I have comparatively little understanding of Physics (especially when you look at who wrote the original article), so I likely don't know what I am talking about, but here is the problem with finding GUTs as I see it. So far, Gravity has truly refused to budge and allow itself to be combined with anything. Yes, it seems to fit with the EM force, but unlike EM, gravity has no none particle of transmition. Scientists have hunted for but found no such thing as a gravitron. Personally, I doubt they will; this particle must be able to penetrate any and every substance known to man, else we would be able to construct a permanent anti-gravity chamber with materials alone. Not even the more powerful (read: high frequency) EM waves/particles can do that, as far as I know.
Also, if I am not mistaken, EM, weak nuclear and strong nuclear forces have all been united, and all have particles of transmision. I don't pretend to understand that unificaton nor do I even know offhand what the weak and strong particles of transmission are.

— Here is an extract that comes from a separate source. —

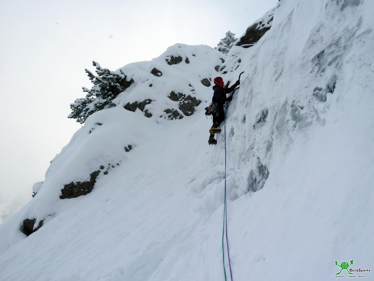 Die Eismengen hielten sich dann wie schon erwartet in Grenzen und den einen oder anderen Steinkontakt gab zu verzeichnen. Außerdem lag auf dem Eis sehr viel Schnee und war auch vielfach ins Eis eingeschlossen. Trotzdem lässt sich bei entsprechender Linienwahl eine passabel kletterbare Linie finden. Nach den 4 Seillängen sind wir wieder abgeseilt. Zuerst 55 m von einer Latsche am linken Rand, dann mittels Abalakov bis aufs breite Schneeband, zwischen 1. und 2. Seillänge. Anschließend in mindestens hüfttiefer Wühlerei im Linksbogen (Abstiegssinn) zurück in die Schlucht und zu den Rucksäcken.

From what I understand, in an Einsteinian (is that a word?) way of looking at things, gravity is caused by a depression in space-time. Think of matter as a marble on a thin, stretched surface. The greater the mass, the larger the marble. Large masses will make depressions in the surface, as there is nothing to support the stretched surface. When you have such a depression, other marbles, especially small nearby marbles, will roll towards the marble. Larger or further marbles don't feel the effect of the depression as much; far marbles are on a relatively 'flat' region, and large marbles are in a depression of their own (read: have a large mass and inertia) and are not likely to move towards another large marble. The closer those two marbles are, however, the better the likeliness of them falling together, as their depressions become closer until there is just one larger depression.
Okay, so my analogy is a bit hard to explain. If I had something to show you, I could do it much better than in words.
Light interacts and is affected by gravity because of these depressions in space-time. Consider light to be a very tiny, extremely fast moving marbles on the stretched sheet (a photon has an equivalent mass because of its speed... don't ask me to remember what it is, however; all I know is it's very tiny). As they roll past a depression at high speeds, they are indeed turned by the depression, but not drawn in either; their high speeds keep them right on going, in a very slightly bent path. Einstein theorized this, and it was proven during a solar eclipse back in the early 1920s or sooner, even (for some reason the year 1917 pops to mind, but that could be just a guess).
So now you might ask, where am I going with this? Well, my point is this: gravity, to the best of scientists knowledge, works differently than the other three fundemental forces of nature (should that be Forces, now that I think of it?) The other three work on enough of a related basis (particles of transmission and other things beyond my comprehension), and gravity, as far as we know, has nothing else related.
One last thing. Someone better at physics can perhaps answer this for me. What exactly defines a fundemental force? There is so much that we think we know, but who are we to say that these, and ONLY these, are the fundemental forces of nature? What if gravity is just different, and does not fall into place no matter what we do? And what if there is another force we're not aware of? As unlikely as it sounds, we cannot say we know anything. And that is why I do not believe we will see a GUT by 2050.

Appologies if the post was confusing or if I contained incorrect information. Like I said, I know comparatively very little about Physics, but I do "know" that we always think we know something, and hundreds of years down the row we find out, "Oh wait, we were wrong. This is what's really true." We can never say we know everything.